The Lot Hathaway House is a historic residence near East Claridon in the Connecticut Western Reserve region of the U.S. state of Ohio. Constructed in the early nineteenth century for a transplanted New Englander, the house mixes two of the period's prominent architectural styles, and it has been named a historic site.

==Lot Hathaway==
A native of Freetown, Massachusetts, Lot Hathaway performed military service in the War of 1812 before settling north of East Claridon in 1816. Once a seaman, he had formerly sailed both on coasters and on European trading vessels. He was unmarried when he settled in Geauga County, but soon afterward married pioneer settler Orpha Bushnell. Hathaway was active in the temperance movement and in the causes of the Democratic Party. The traditional date for the construction of his present house is 1828, although its architectural style suggests construction in the first half of the 1830s.

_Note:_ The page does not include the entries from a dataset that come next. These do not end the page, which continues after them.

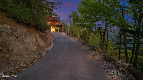 From Pigeon forge traffic light #3 turn onto Wear Valley Rd. Stay on Wears Valley Rd for approximately 6 miles. Turn left onto Valley View Rd and go to stop sign. Turn left onto Clabo Rd. Stay on CLabo Rd to the Y. Bear right at the Y onto Ravens Den Way. Stay on Ravens Den Way to the top of the mountain to the gated driveway on the Left. SOP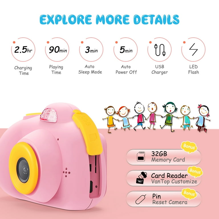 Made with quality and care, VanTop Junior K5 kids camera inspire a world of discovery and hands-on learning. Two and a half hours charging fulfills 90 minutes playing time.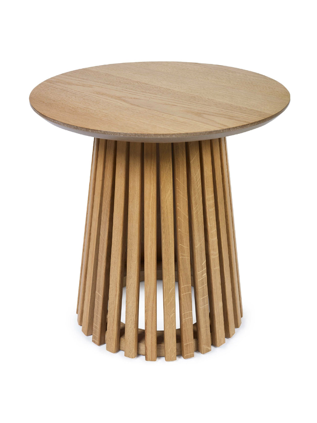 Enhance your space with warmth and modern charm through this round slatted lamp table. Finished in natural oak, the smooth wood-grain top is ideal for holding a lamp, plant, or a stack of books, while the airy cylindrical slatted base adds subtle detail and structure. Compact in size yet full of style, it’s perfect as a side table in the living room or a bedside table in more relaxed, modern interiors. Partial base assembly required.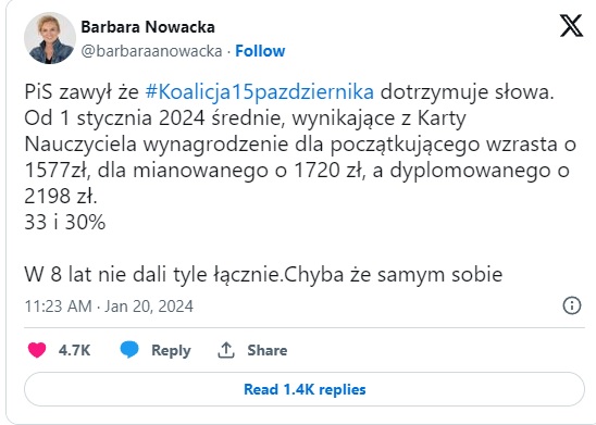 "Podwyżka, która będzie miała miejsce w tym roku: po pierwsze w znacznej mierze w 60% została zabezpieczona, sfinansowana, przygotowana przez rząd PIS, a nauczyciele nie otrzymają 1500 zł do podstawy, okazało się, ze to kolejna niezrealizowana obietnica"

It succeeded an earlier residence, which had been destroyed by fire.

==House==
Built in the Greek Revival style with Adam style influences, the house is a weatherboarded structure, two stories tall, with a broad pediment that extends the width of the house. Entrances are located on the left sides of both the front and the side, which are divided into three and four bays respectively. Among the clearest of the Adam details are the numerous dentils on the pediment, while the Greek Revival remains prominent through elements such as the fluting on both the Ionic-style capitals and the pilasters.

==Preservation==
In 1974, the Lot Hathaway House was listed on the National Register of Historic Places; it was the county's second site to be given this distinction, following only the Claridon Congregational Church, although the courthouse square in Chardon was given a similar distinction just two days later. Hathway's house qualified for designation because of its architecture, due to its place as one of the area's best Greek Revival houses.